What you are asked to do: In the entries below, find the line containing "Bargaining Updates **" and the line containing "LDK 12.5帖/洋室 5.6帖/洋室 5.3帖 - 向き". Copy those two lines and everything between them exactly, and only that.

Given information:
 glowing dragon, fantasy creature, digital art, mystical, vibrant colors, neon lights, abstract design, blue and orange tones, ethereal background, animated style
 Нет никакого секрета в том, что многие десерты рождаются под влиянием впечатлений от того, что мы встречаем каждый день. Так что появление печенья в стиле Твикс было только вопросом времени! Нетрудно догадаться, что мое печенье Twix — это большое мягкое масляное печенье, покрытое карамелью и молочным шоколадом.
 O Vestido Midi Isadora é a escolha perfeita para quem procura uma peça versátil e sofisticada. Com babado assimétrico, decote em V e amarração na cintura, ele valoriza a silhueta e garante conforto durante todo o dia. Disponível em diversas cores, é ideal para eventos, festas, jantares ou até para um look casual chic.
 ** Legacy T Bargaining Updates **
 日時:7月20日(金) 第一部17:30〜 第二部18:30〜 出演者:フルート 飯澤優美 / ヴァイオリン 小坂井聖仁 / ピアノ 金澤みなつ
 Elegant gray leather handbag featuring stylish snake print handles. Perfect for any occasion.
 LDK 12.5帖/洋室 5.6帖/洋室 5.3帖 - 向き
...
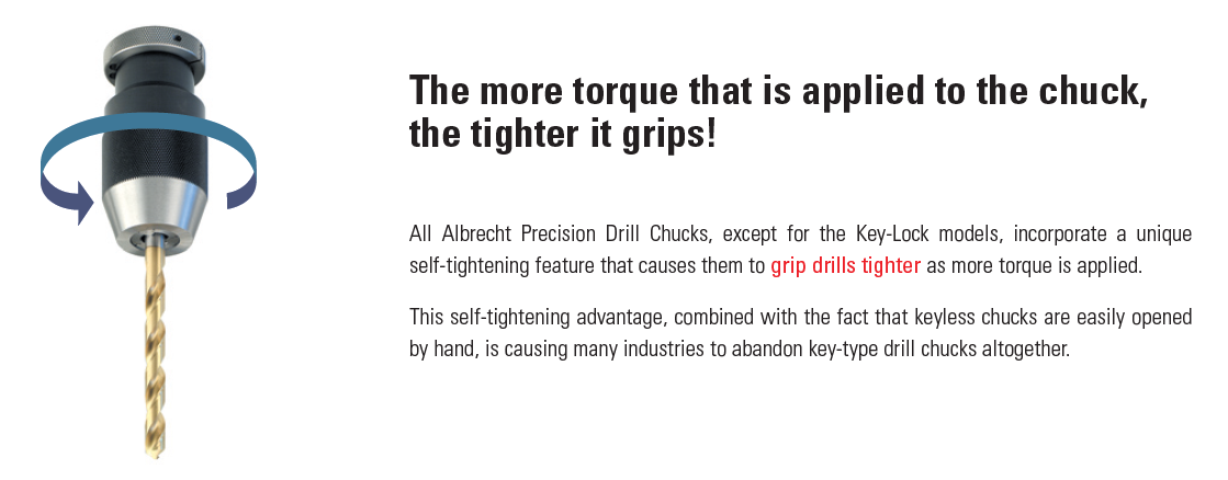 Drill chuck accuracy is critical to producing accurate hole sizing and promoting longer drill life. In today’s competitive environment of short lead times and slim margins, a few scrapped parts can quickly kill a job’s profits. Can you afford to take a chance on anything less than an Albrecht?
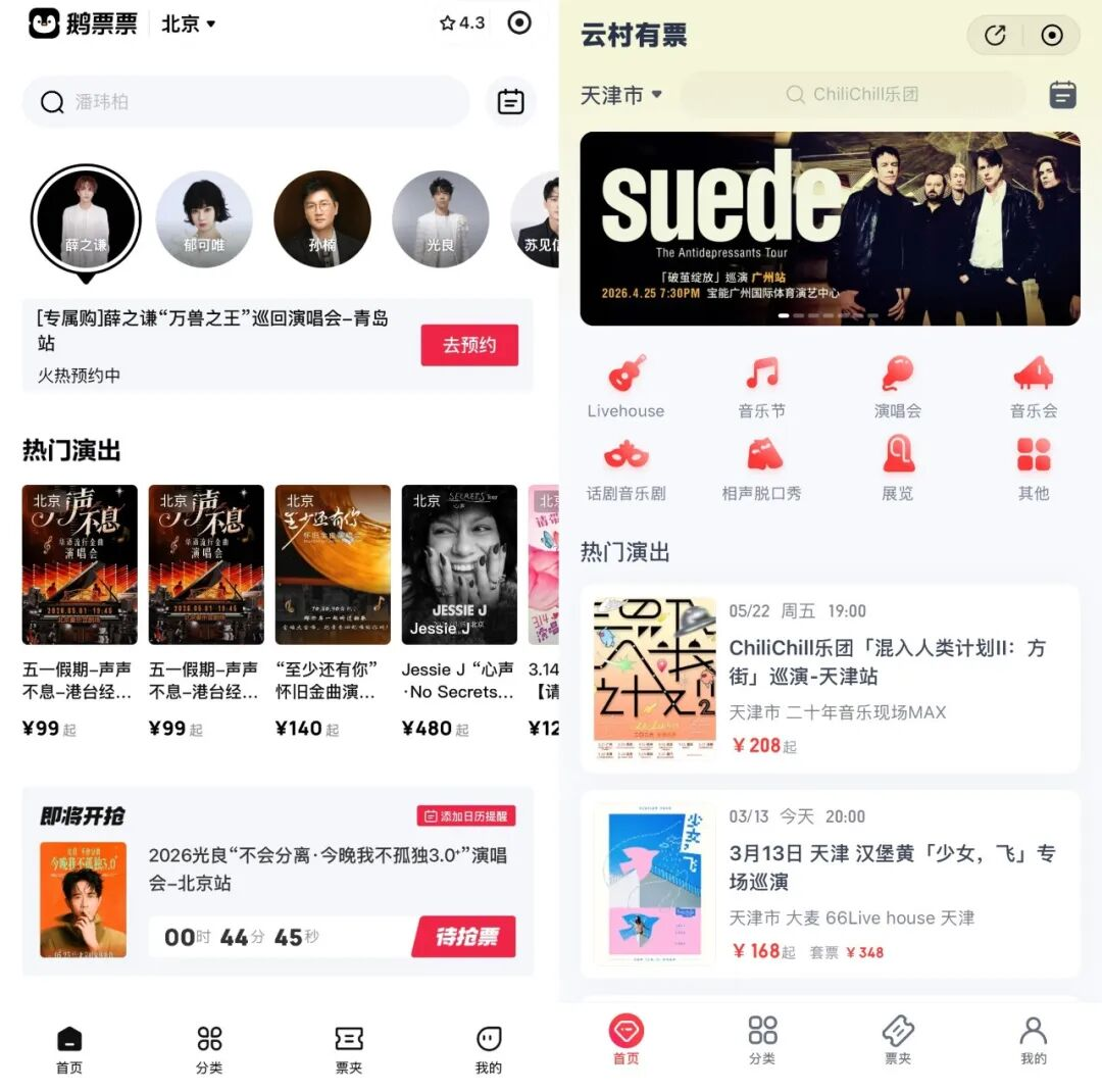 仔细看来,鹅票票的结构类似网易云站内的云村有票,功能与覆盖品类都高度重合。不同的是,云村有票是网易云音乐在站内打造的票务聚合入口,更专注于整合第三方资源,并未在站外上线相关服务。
==
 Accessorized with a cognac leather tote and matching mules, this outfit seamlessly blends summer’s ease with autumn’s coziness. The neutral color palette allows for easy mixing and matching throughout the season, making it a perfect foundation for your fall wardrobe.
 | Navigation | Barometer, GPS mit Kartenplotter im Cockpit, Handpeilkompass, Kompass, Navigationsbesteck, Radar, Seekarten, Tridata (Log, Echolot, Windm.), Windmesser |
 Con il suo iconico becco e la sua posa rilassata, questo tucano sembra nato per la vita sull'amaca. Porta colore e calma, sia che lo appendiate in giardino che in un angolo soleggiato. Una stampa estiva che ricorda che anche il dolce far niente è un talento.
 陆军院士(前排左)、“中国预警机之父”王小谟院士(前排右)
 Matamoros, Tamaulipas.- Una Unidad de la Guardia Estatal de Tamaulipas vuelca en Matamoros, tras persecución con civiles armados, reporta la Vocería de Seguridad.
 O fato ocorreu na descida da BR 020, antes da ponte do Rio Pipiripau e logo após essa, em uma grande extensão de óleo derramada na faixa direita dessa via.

Response to this task:
 ** Legacy T Bargaining Updates **
 日時:7月20日(金) 第一部17:30〜 第二部18:30〜 出演者:フルート 飯澤優美 / ヴァイオリン 小坂井聖仁 / ピアノ 金澤みなつ
 Elegant gray leather handbag featuring stylish snake print handles. Perfect for any occasion.
 LDK 12.5帖/洋室 5.6帖/洋室 5.3帖 - 向き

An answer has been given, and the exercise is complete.